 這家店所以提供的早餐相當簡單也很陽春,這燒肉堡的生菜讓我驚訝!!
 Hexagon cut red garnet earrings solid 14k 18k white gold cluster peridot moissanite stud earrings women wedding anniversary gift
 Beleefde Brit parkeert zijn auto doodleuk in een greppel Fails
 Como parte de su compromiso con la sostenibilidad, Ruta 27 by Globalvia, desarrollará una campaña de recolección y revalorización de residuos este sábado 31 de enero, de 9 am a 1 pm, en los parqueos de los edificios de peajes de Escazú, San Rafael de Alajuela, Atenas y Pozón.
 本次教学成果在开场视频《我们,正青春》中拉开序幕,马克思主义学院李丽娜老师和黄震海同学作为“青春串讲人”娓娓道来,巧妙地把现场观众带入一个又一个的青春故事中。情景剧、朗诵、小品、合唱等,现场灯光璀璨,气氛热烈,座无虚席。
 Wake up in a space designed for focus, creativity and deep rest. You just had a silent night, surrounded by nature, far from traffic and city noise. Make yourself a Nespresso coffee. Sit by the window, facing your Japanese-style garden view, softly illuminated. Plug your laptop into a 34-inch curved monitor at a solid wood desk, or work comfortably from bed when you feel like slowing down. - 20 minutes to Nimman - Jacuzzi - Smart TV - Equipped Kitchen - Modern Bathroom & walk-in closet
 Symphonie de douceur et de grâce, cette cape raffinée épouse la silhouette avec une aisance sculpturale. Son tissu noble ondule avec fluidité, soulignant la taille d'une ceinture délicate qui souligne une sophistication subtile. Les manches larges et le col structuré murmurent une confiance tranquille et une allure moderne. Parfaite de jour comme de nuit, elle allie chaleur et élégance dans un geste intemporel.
------
ASSIGNMENT:
Return the listing in full, matching each word exactly.

EXPECTED OUTPUT:
 這家店所以提供的早餐相當簡單也很陽春,這燒肉堡的生菜讓我驚訝!!
 Hexagon cut red garnet earrings solid 14k 18k white gold cluster peridot moissanite stud earrings women wedding anniversary gift
 Beleefde Brit parkeert zijn auto doodleuk in een greppel Fails
 Como parte de su compromiso con la sostenibilidad, Ruta 27 by Globalvia, desarrollará una campaña de recolección y revalorización de residuos este sábado 31 de enero, de 9 am a 1 pm, en los parqueos de los edificios de peajes de Escazú, San Rafael de Alajuela, Atenas y Pozón.
 本次教学成果在开场视频《我们,正青春》中拉开序幕,马克思主义学院李丽娜老师和黄震海同学作为“青春串讲人”娓娓道来,巧妙地把现场观众带入一个又一个的青春故事中。情景剧、朗诵、小品、合唱等,现场灯光璀璨,气氛热烈,座无虚席。
 Wake up in a space designed for focus, creativity and deep rest. You just had a silent night, surrounded by nature, far from traffic and city noise. Make yourself a Nespresso coffee. Sit by the window, facing your Japanese-style garden view, softly illuminated. Plug your laptop into a 34-inch curved monitor at a solid wood desk, or work comfortably from bed when you feel like slowing down. - 20 minutes to Nimman - Jacuzzi - Smart TV - Equipped Kitchen - Modern Bathroom & walk-in closet
 Symphonie de douceur et de grâce, cette cape raffinée épouse la silhouette avec une aisance sculpturale. Son tissu noble ondule avec fluidité, soulignant la taille d'une ceinture délicate qui souligne une sophistication subtile. Les manches larges et le col structuré murmurent une confiance tranquille et une allure moderne. Parfaite de jour comme de nuit, elle allie chaleur et élégance dans un geste intemporel.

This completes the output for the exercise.